Фрайвальд отвел глаза.
– Нет больше никакой Евразии, – пробормотал он. – Ничего нет.
– Есть мы, – откликнулся Реймонт. – Мы живы, мы существуем, у нас есть надежда. Чего же тебе еще? Какой-нибудь грандиозной философской цели? Забудь о ней. Это роскошь. Грандиозную цель за нас сочинят наши потомки, когда будут придумывать героическую эпопею наших подвигов. А у нас есть пот, кровь и слезы! – воскликнул Реймонт и горько усмехнулся. – То есть абсолютно прозаические выделения организма. Но что в этом ужасного? Твоя беда в том, что ты возвел сочетание акрофобии, сенсорной депривации и нервного перенапряжения в ранг метафизического кризиса. Что до меня, то я вовсе не презираю наш рачий инстинкт выжить, вылезти из кастрюли с кипятком. Я рад, что он у нас сохранился.
Фрайвальд молча парил в воздухе.
Реймонт подобрался к механику и сжал его плечо.
– Я понимаю. Тебе трудно. Наш самый страшный враг – отчаяние. Любого из нас время от времени оно укладывает на лопатки.
– Только не тебя, – сказал Фрайвальд.
– И меня тоже, – признался Реймонт. – Бывает. Но я тут же поднимаюсь на ноги. И ты поднимешься. Как только перестанешь чувствовать собственную бесполезность из-за слабости. Это пройдет. Ничего сверхъестественного – результат временной физической усталости. Между прочим, дружок, Джейн это понимает лучше тебя. Словом, слабость скоро пройдет. А потом еще сам над собой посмеешься. И в постели все пойдет как по маслу.
– Ну… – смущенно пробормотал Фрайвальд, слушавший Реймонта напряженно и нервно, но теперь уже успевший успокоиться и немного расслабиться. – Может быть.
– Я точно знаю. Не веришь мне – спроси доктора. Если хочешь, я могу попросить его, и он тебе пропишет каких-нибудь таблеток, чтобы ты быстрее пошел на поправку. Я не просто о тебе забочусь, Иоганн. Ты мне нужен.
Реймонт почувствовал, как расслабились мышцы плеча Фрайвальда, сжатые его рукой. Он улыбнулся.
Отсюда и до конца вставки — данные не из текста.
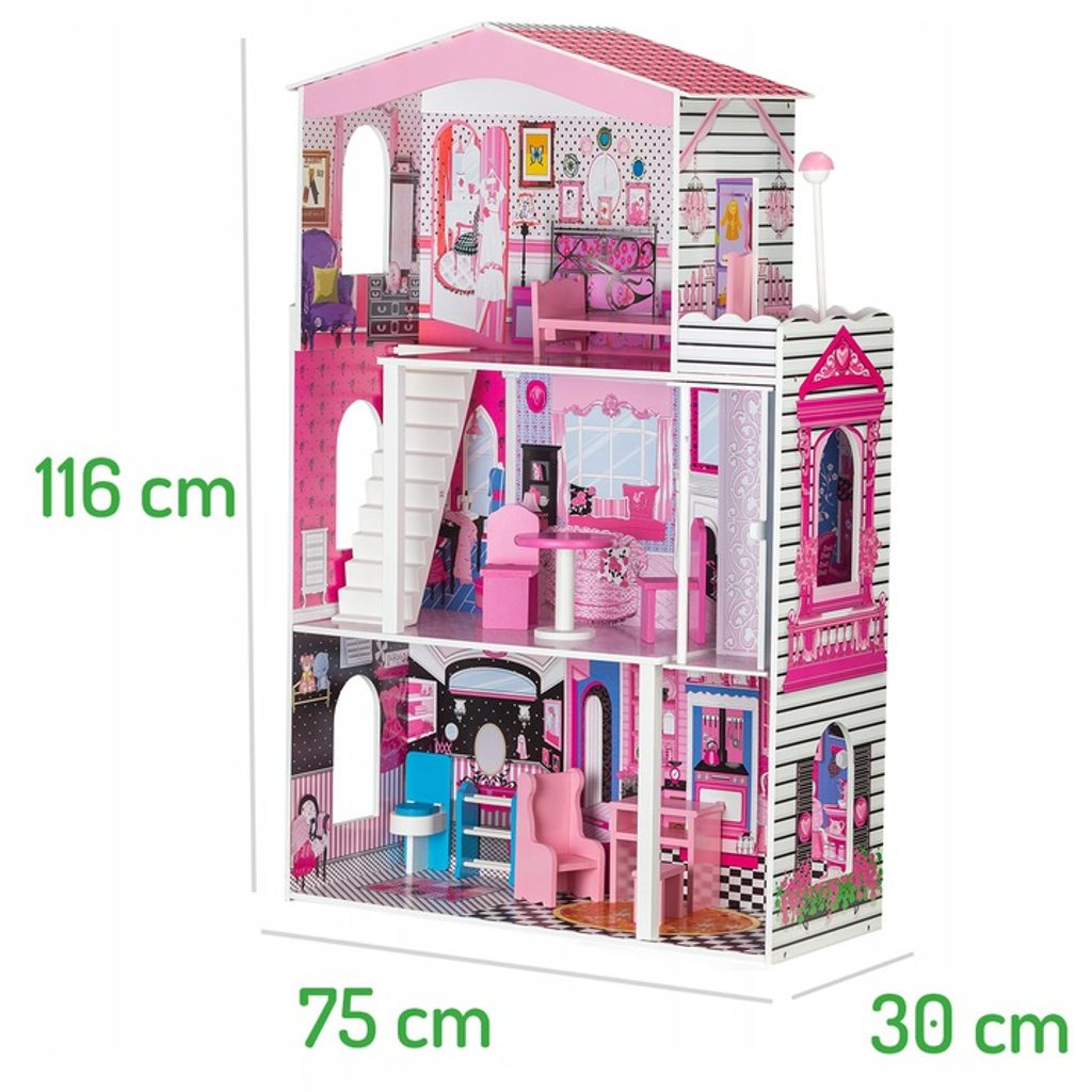 ROZMĚRY Přibližné rozměry domečku jsou 75 cm x 30 cm x 116 cm (šířka x hloubka x výška) Druhé a třetí patro je propojené schody. Výška patra je 35 cm. Podkroví je speciálně vyprofilované pro snadný přístup. Výška je 45 cm.
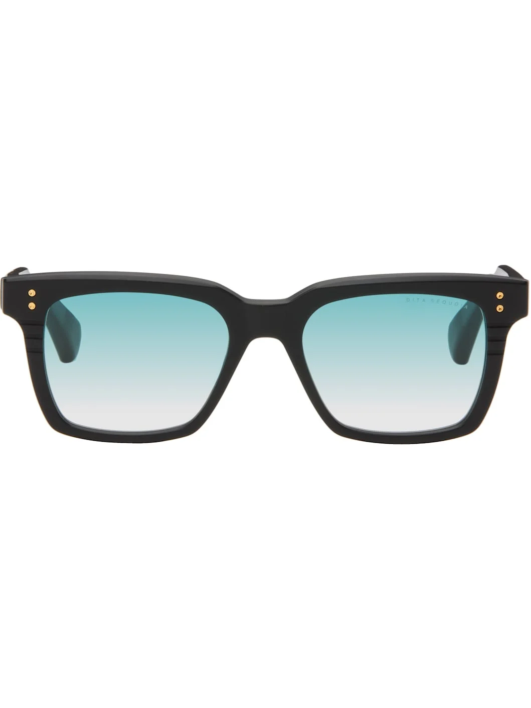 Handcrafted square acetate-frame sunglasses. · Anti-reflective gradient blue lenses · CR39 lenses · Logo etched at lens · 100% UVA/UVB protection · Stripes etched at face · Integrated nose pads · Includes case · Size: 54.20 155 Supplier color: Black Acetate. Made in Japan 252789M133005
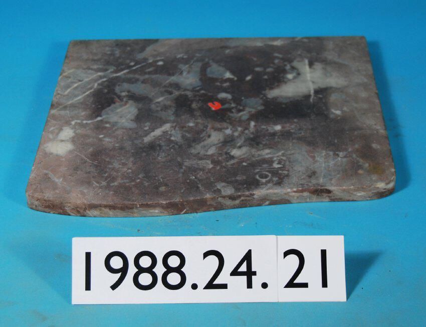 Mottled reddish / brown polished marble slab. Curved on front edge. Probably part of imported antique furniture.
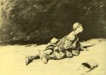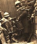 Other interesting items I think are the waders, the jerkins and something that the standing man has on his helmet. Which he has on top of a woollen cap. I don't know if the French army had different containers, as they had the pinard and soupe on the menu, so what these are drinking? Or coffee? Many pictures (and model figures) show 'l'hommes du soupe", unspectacular carrying canteens or containers but these were among the bravest, many records about their daily dangerous runs out of the trenches, getting some feeding for their units. Painting is by Georges Scott, I think one of the most talented war artists.
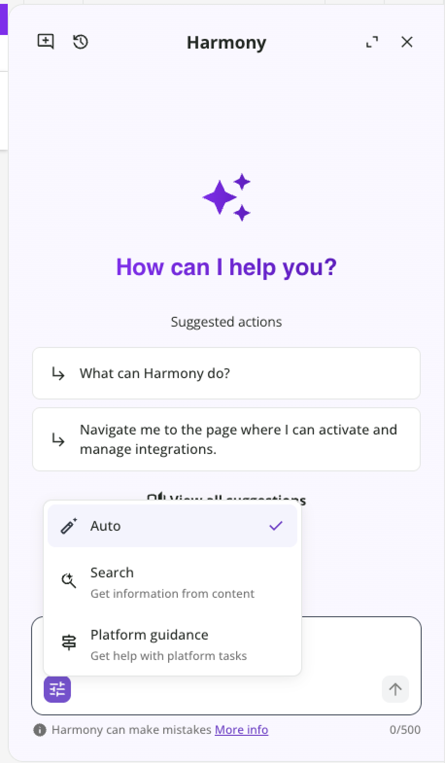 Access the copilot conversational panel by clicking on the Harmony icon in the platform header. When you open the panel, Harmony automatically displays some suggested prompts relevant to your current page, helping you get started quickly without having to think of a question on your own. The suggested prompts automatically refresh as you navigate to different pages in the platform, ensuring the help you receive is always relevant to your current context.

– Вообще-то, – заговорщицки произнес он, – у меня есть с собой немножко одного замечательного психотропного средства. Потрясающее снадобье. Панацея, можно сказать.
– Чего-чего? – удивленно глянул на констебля Фрайвальд.
Реймонт подмигнул ему и вытащил из-под куртки пластиковую бутылку с двумя трубочками.
– Вот, – довольно сказал он. – Должность дает некоторые привилегии, как-никак. Виски. Отличный сорт, не то что ведьминское зелье, которое пьют скандинавы. Прописываю тебе солидную дозу, да и себе тоже. С удовольствием поболтаю с тобой. Давно мы не толковали по душам, а?
Разговор по душам затянулся на час, и Фрайвальд мало-помалу вошел в норму, но тут прозвучал сигнал интеркома, и голос Ингрид Линдгрен проговорил из динамика:
– Констебль, вы здесь?
– Да, я здесь, – ответил. Реймонт.
– Седлер помогла мне вас разыскать, – объяснила первый помощник. – Карл, не могли бы вы подняться на мостик?
– Срочно? – поинтересовался Реймонт.
– Ну… не то чтобы так уж срочно, пожалуй… Просто результаты последних наблюдений показывают, что… в пространстве происходят дальнейшие эволютивные изменения. Скорее всего, придется переделать график полета. Я подумала, что вы захотите поучаствовать в обсуждении.
– Хорошо, – ответил Реймонт. – Сейчас приду. Прости, дружище, – сказал он Фрайвальду, – придется прерваться, а жаль.
– Мне тоже, – кивнул Фрайвальд, с тоской поглядел на бутылку и протянул ее Реймонту.
– Да нет, не надо, прикончи ее сам, – отказался Реймонт. – Но не в одиночку, конечно. В одиночку пить скучно. Я скажу Джейн.
– О господи! – рассмеялся Фрайвальд. – Как ты верен себе!
Реймонт встал, вышел, закрыл за собой дверь каюты. В коридоре было пусто. Констебль постоял немного, прикрыв глаза, унял дрожь и отправился на мостик.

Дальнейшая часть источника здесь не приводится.